I’ve now gotten this running in our production environment. I’ve actually had to increase each node to 7GB w/ 4GB HEAP, so far it appears to be working (6GB w/ 4GB HEAP actually ended up swapping and started choking nodes). I will let you know if that changes.


(Jason Keller) #7

@jochen

Strangely, while this all seems to work ok so far, I’m still apparently running foul of something occasionally…

Node1
2018-02-02T01:43:21.754-06:00 WARN  [NodePingThread] Did not find meta info of this node. Re-registering.
2018-02-02T01:43:31.475-06:00 WARN  [NodePingThread] Did not find meta info of this node. Re-registering.
2018-02-02T01:43:42.296-06:00 WARN  [NodePingThread] Did not find meta info of this node. Re-registering.
2018-02-02T01:43:52.041-06:00 WARN  [NodePingThread] Did not find meta info of this node. Re-registering.
2018-02-02T01:44:00.143-06:00 WARN  [NodePingThread] Did not find meta info of this node. Re-registering.

Node2
2018-02-02T01:08:51.809-06:00 WARN  [NodePingThread] Did not find meta info of this node. Re-registering.
2018-02-02T01:09:01.837-06:00 WARN  [NodePingThread] Did not find meta info of this node. Re-registering.
2018-02-02T01:09:11.115-06:00 WARN  [NodePingThread] Did not find meta info of this node. Re-registering.
2018-02-02T01:09:22.575-06:00 WARN  [NodePingThread] Did not find meta info of this node. Re-registering.
2018-02-02T01:09:33.206-06:00 WARN  [NodePingThread] Did not find meta info of this node. Re-registering.
2018-02-02T01:09:45.484-06:00 WARN  [NodePingThread] Did not find meta info of this node. Re-registering.
2018-02-02T01:09:52.076-06:00 WARN  [NodePingThread] Did not find meta info of this node. Re-registering.

Node3
2018-02-02T01:20:23.526-06:00 WARN  [NodePingThread] Did not find meta info of this node. Re-registering.
2018-02-02T01:20:33.840-06:00 WARN  [NodePingThread] Did not find meta info of this node. Re-registering.
2018-02-02T01:20:44.022-06:00 WARN  [NodePingThread] Did not find meta info of this node. Re-registering.
2018-02-02T01:20:54.866-06:00 WARN  [NodePingThread] Did not find meta info of this node. Re-registering.
2018-02-02T01:21:09.321-06:00 WARN  [NodePingThread] Did not find meta info of this node. Re-registering.
2018-02-02T01:21:18.187-06:00 WARN  [NodePingThread] Did not find meta info of this node. Re-registering.
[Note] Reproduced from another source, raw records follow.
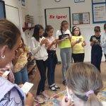 Immár negyedik alkalommal érkeztünk el a boldogságfokozó hála gyakorlásához, mégis új és új dolgok, események, emlékek kerültek elő, amiért hálásak lehetünk. Megfogalmaztuk, le is írtuk, hogy miért és kinek lehetünk hálásak, most azonban azt kértem a gyerekektől, hogy tegyék a listát a tolltartójukba, és ha szomorúak, mérgesek, rosszul érzik magukat, nézzék meg ezeket a listákat. A „Hála égbolt” készítésénél érdekes volt látni, ahogyan rájöttek, hogy minél több embernek hálásak, annál több csillagból álló csillagképet kell választaniuk.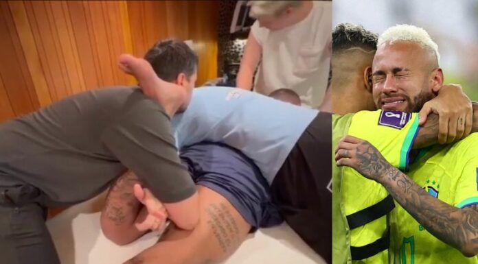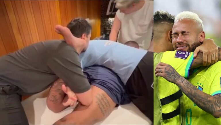 «Ney» no puede evitar las lágrimas y los gritos de dolor durante la fisioterapia, realizada en su rodilla izquierda. De hecho, durante el ejercicio suelta una que otra palabra mal sonante, quejándose del intenso dolor.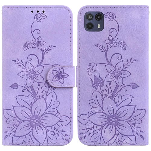 Funda para Motorola Moto G50 5G Lily de Cuero en Relieve (Púrpura)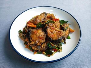 ปรุงรสชาติด้วยน้ำปลาและน้ำตาลทรายไม่ขัดสี เติมน้ำเปล่า (น้ำล้างครก) ลงไปนิดหน่อย จากนั้นใส่ปลาดุกทอดลงไป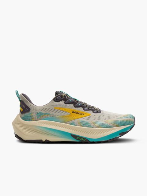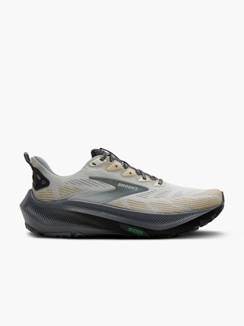 Feel confident venturing off-road in the men's Ghost Trail shoe. Our versatile new shoe is a hybrid that delivers cross-terrain features for trail and road. Best for: Off-road running, City Parks, Gravel terrain, Groomed trails Cushion: Balanced A blend of soft and dynamic cushioning that offers a smooth feeling with each step. Support: Balanced support Secure heel with dynamic forefoot helps provide inherent stability Midsole drop: 8mm Weight: 10.6oz / 300.5g Features: Nitrogen-infused cushion, All-terrain traction, Breathable mesh upper Sustainability: 62.3 % Recycled materials in the upper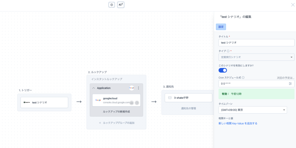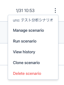 待っていてもいいのですが、今すぐに実行したいので、シナリオ一覧から即時実行を行います。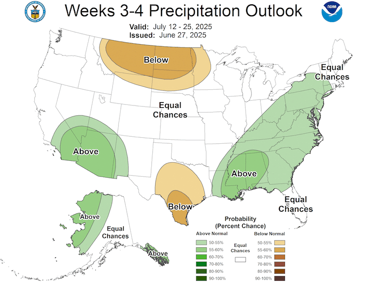 - The 2025 North American Monsoon began last week in parts of New Mexico and West Texas, bringing helpful rains to drought-stricken areas but also dangerous flooding. Other states (Arizona, Colorado, California, Nevada, Utah) await their first monsoonal precipitation.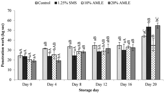 Effect of AMLE treatment at different concentrations on penetration work value of M. rosenbergii during 20 days of cold storage. Small letters (a, b, c) indicate significant differences between treatments in one day (p < 0.05). Capital letters (A, B, C) indicate significant differences between storage days in one treatment (p < 0.05).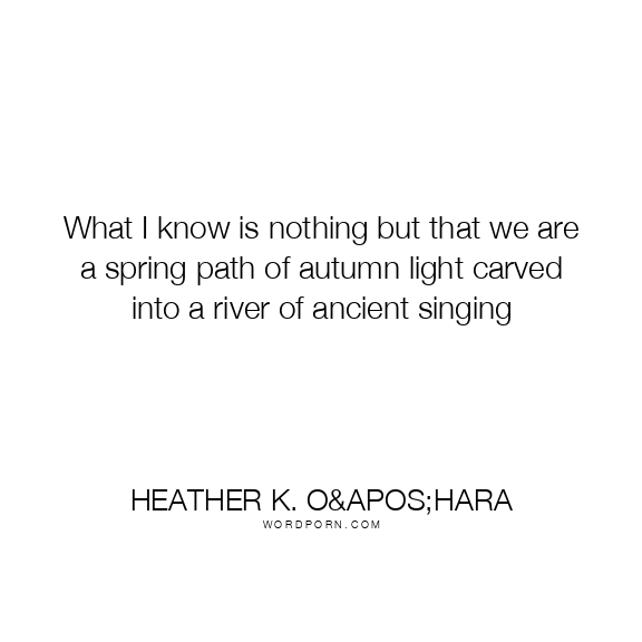 What I know is nothing but that we are a spring path of autumn light carved into a river of ancient singing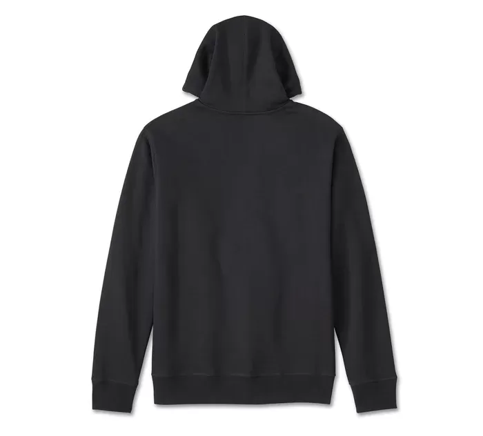 For casual comfort and elevated H-D™ style, our Bar Font Zip-Up Hoodie does not disappoint. Its relaxed fit is constructed from cozy cotton/polyester fleece. This men’s zip front hoodie gets its next-level looks from a contrast jersey hood lining that synchs with our bold appliqué branding.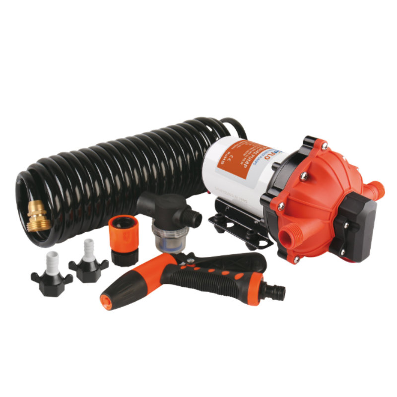 Questa pompa di lavaggio autoadescante offre una gestione automatica della portata e della pressione, ottimizzando il consumo energetico e garantendo prestazioni sempre efficienti. La valvola by-pass integrata riduce l’effetto pulsante e rende il funzionamento notevolmente più silenzioso, mentre i piedini in gomma proteggono da corrosione e vibrazioni. Il motore è dotato di protezione termica che interviene in caso di surriscaldamento accidentale e permette alla pompa di lavorare anche a secco senza subire danni. Le cinque membrane in Santoprene assicurano un flusso costante e regolare, ideale per il lavaggio di imbarcazioni, vasche del vivo, ancore, battelli, camper e roulotte. Il kit include filtro, raccordi portagomma, tubo flessibile resistente ai raggi UV e una lancia di lavaggio con attacco automatico.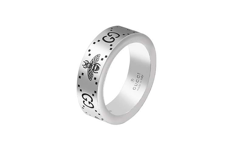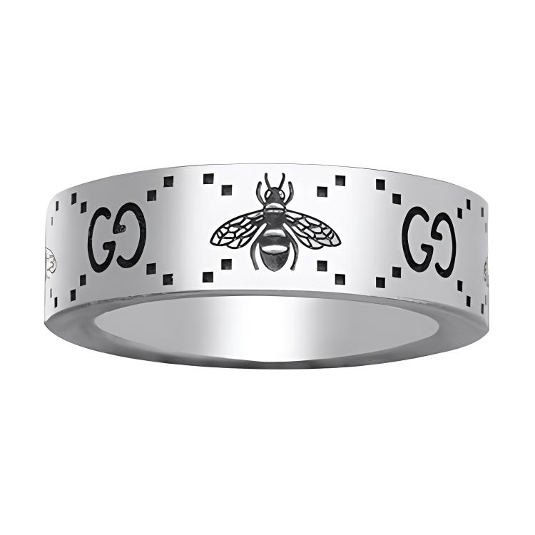 Кольцо широкое с гравировкой Gg And Bee GUCCI, белый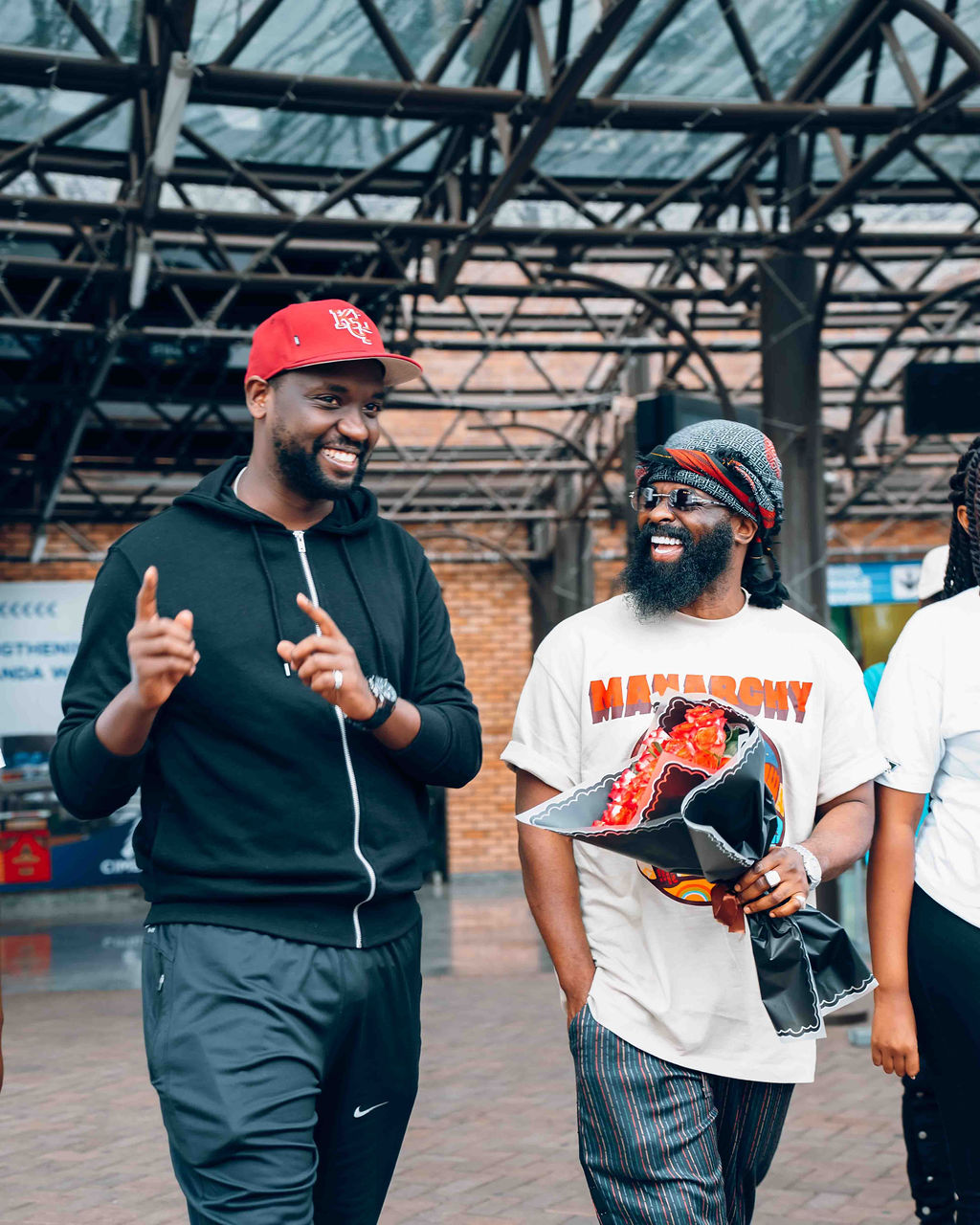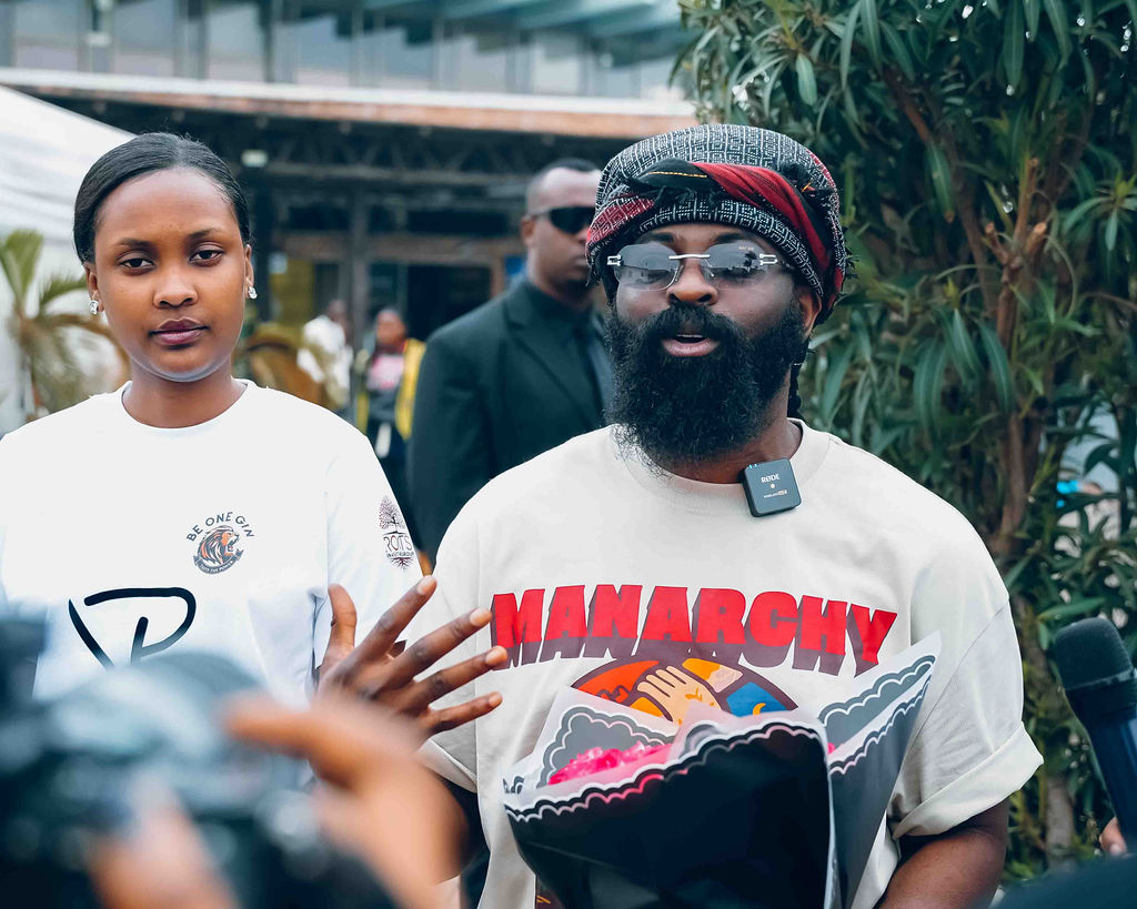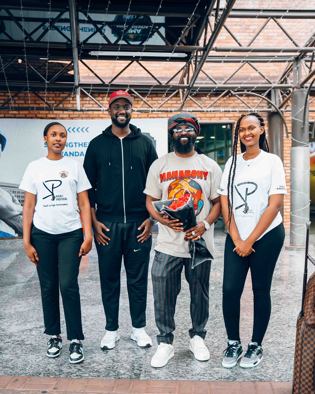 Kenny Mugarura uri mu bayobozi ba 1:55 AM [Uri iburyo] yakiriye ku kibuga cy'indege Smade washinze iserukiramuco 'Afro Nation'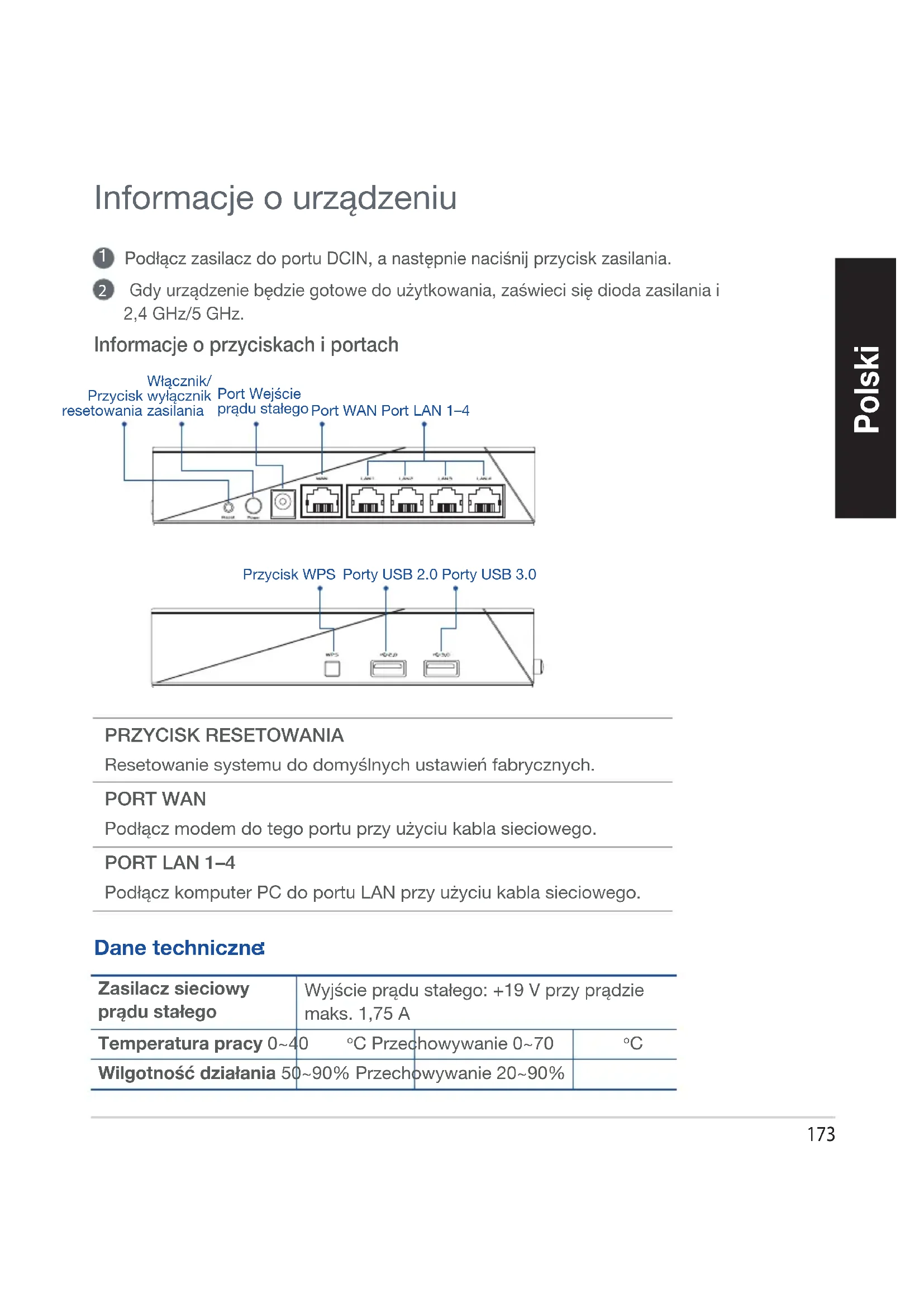 Gdy urządzenie będzie gotowe do użytkowania, zaświeci się dioda zasilania i 2,4GHz/5GHz. Informacje o urządzeniu Informacje o przyciskach i portach PRZYCISK RESETOWANIA Resetowanie systemu do domyślnych ustawień fabrycznych. PORT WAN Podłącz modem do tego portu przy użyciu kabla sieciowego. PORT LAN 1–4 Podłącz komputer PC do portu LAN przy użyciu kabla sieciowego. Przycisk WPSWłącznik/wyłącznik zasilaniaPort Wejście prądu stałegoPort WAN Port LAN 1–4Przycisk resetowaniaPorty USB 2.0 Porty USB 3.0 Zasilacz sieciowy prądu stałego Wyjście prądu stałego: +19 V przy prądzie maks. 1,75 A Temperatura pracy 0~40

I’ve noticed that I’m still really close on memory…

top - 10:37:35 up 4 days,  2:55,  1 user,  load average: 1.74, 1.42, 1.32
Tasks:   1 total,   0 running,   1 sleeping,   0 stopped,   0 zombie
%Cpu(s): 10.5 us,  2.3 sy,  0.0 ni, 86.8 id,  0.1 wa,  0.0 hi,  0.3 si,  0.0 st
KiB Mem :  6960820 total,   221064 free,  5888820 used,   850936 buff/cache
KiB Swap:  1047548 total,  1015612 free,    31936 used.   337664 avail Mem

I haven’t found any other errors, so I’m pretty sure memory pressure is causing some operations in MongoDB to take a bit longer than normal (currently taking 592MB for MongoDB). Biggest question is, how is it continuing to take so much memory?


(Jason Keller) #8

@jochen @lennart

So after further increasing memory, I’ve now caught the meta info errors happening without any swapping to disk; simply higher CPU usage. However, most notably I’m see this crop up usually during periods where the CSV file Data Adapter is refreshing after changing on disk. Is the loading thread for this a stop-world event while it’s being processed into the heap?


(system) #9

This topic was automatically closed 14 days after the last reply. New replies are no longer allowed.